History of Search Engine Optimization

SEO started in the mid-1990s.

Outstanding milestones in the evolution of search engines and SEO.

Search engine optimization (SEO) revolves around Google.

SEO predates the world’s most popular search engine, co-founded by Larry Page and Sergey Brin.

Search engine optimization and search engine marketing began with the launch of the first published website in 1991.

When the first web search engine was launched, the history of SEO officially begins around 1997.

Coming high in search engines in 1997 was still a fairly new concept, 

and it was also very directory oriented.

Before DMOZ powered Google’s original ranking, Zeal powered LookSmart, 

Go.com was its own directory, and Yahoo Directory was a major player in Yahoo Search.

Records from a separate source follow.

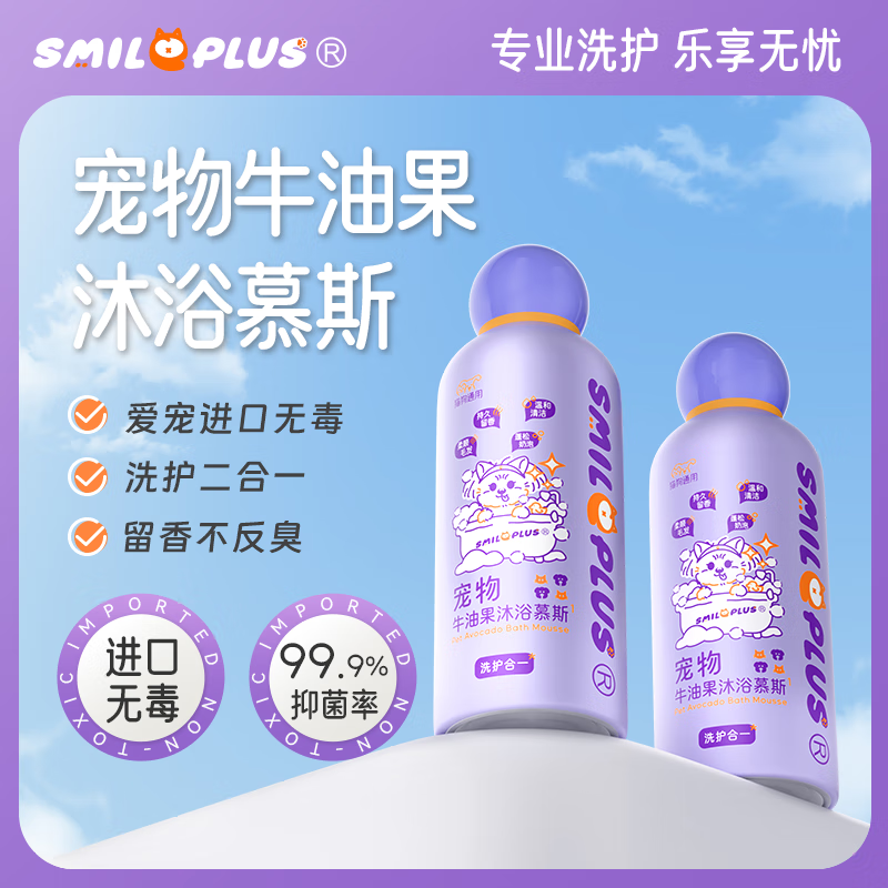 SMILE PLUS开颜宠物猫咪狗狗沐浴露抑菌除臭除螨牛油果沐浴慕斯香波300ml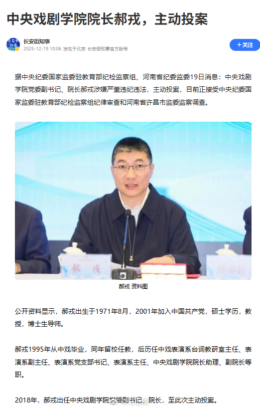 中戏院长郝戎主动投案接受审查调查。其曾强调“要学演戏,先学做人,做艺先做人。”可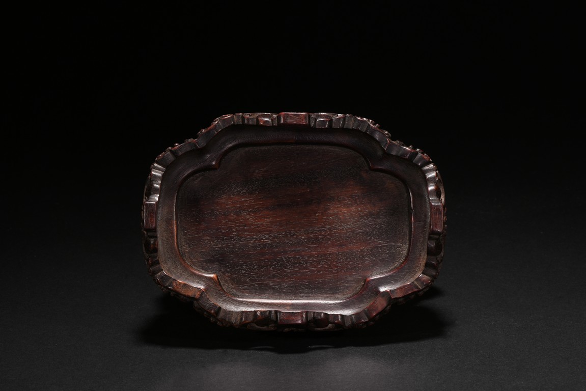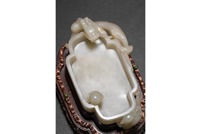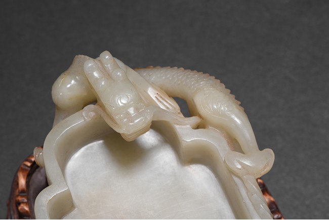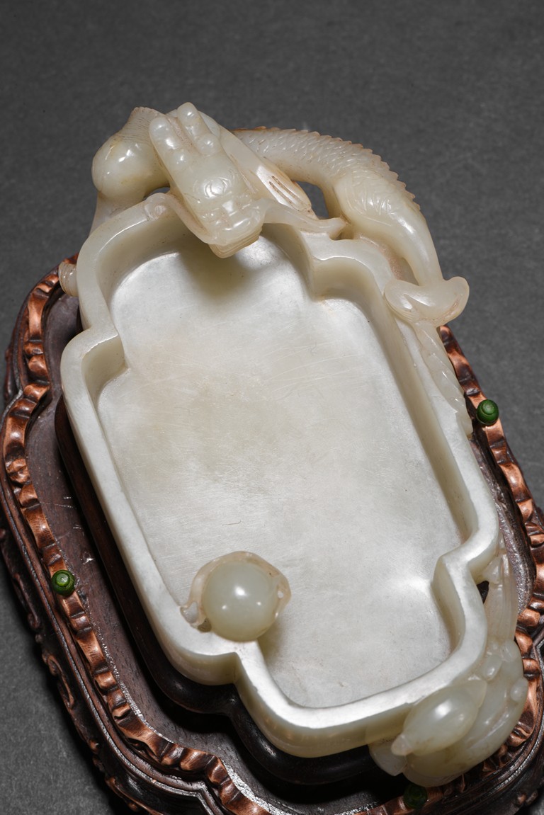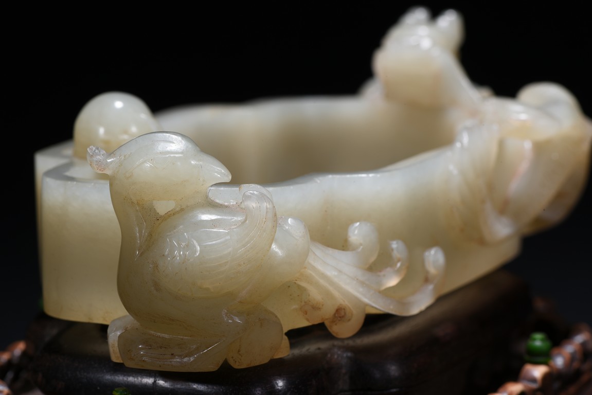 Of quatre lobed form, the white stone worked with straight tapering sides rising from a countersunk base to a straight-cut rim, the interior decorated a rounded ball with flame close to one side of the rim and with a small copper spoon in the center, finely carved to two confronting sides with openwork handles in the form of a climbing chilong with bifurcated tails and muscular limbs and a small standing phoenix with long scrolling tail, each resting its head on the mouth rim, the stone of a white tone, with fitted zitan stand and spoon. Qing Dynasty period.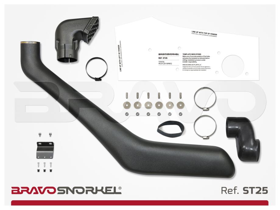 Bravo Snorkel vodeći je proizvođač specijaliziranih usisnika u Europi. Uz razvoj i kontrolu proizvodnje iz svoje baze u Španjolskoj, Bravo nudi asortiman proizvoda visoke razine, zajedno s petogodišnjim jamstvom. Instalacija je jednostavna s isporučenim predloškom.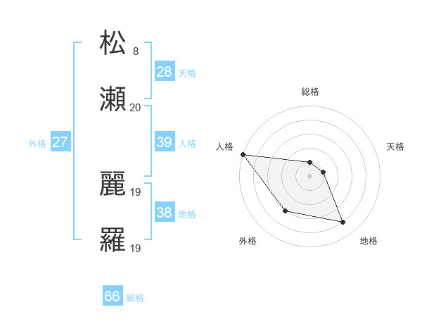 松瀬 麗羅さんを姓名の画数から五運を鑑定

If not familiar with DMOZ, the Mozilla Open Directory Project (remember, Mozilla was a company

and Moz was a brand long before SEO Moz), was basically a yellow page for websites.

Relationship between search engine optimization and search engine marketing:

Before Search Engine Optimization became the official name, they also used other terms are 

  • Search engines Placement.
  • Search engine optimization.
  • Search engine ranking.
  • Search engine registration.
  • Search engine submission.
  • Website promotion.
  • Search engine marketing.

Search engine marketing:

Search engine marketing as a successor to search engine optimization.

Search engine marketing is used and associated with paid search advertising and marketing.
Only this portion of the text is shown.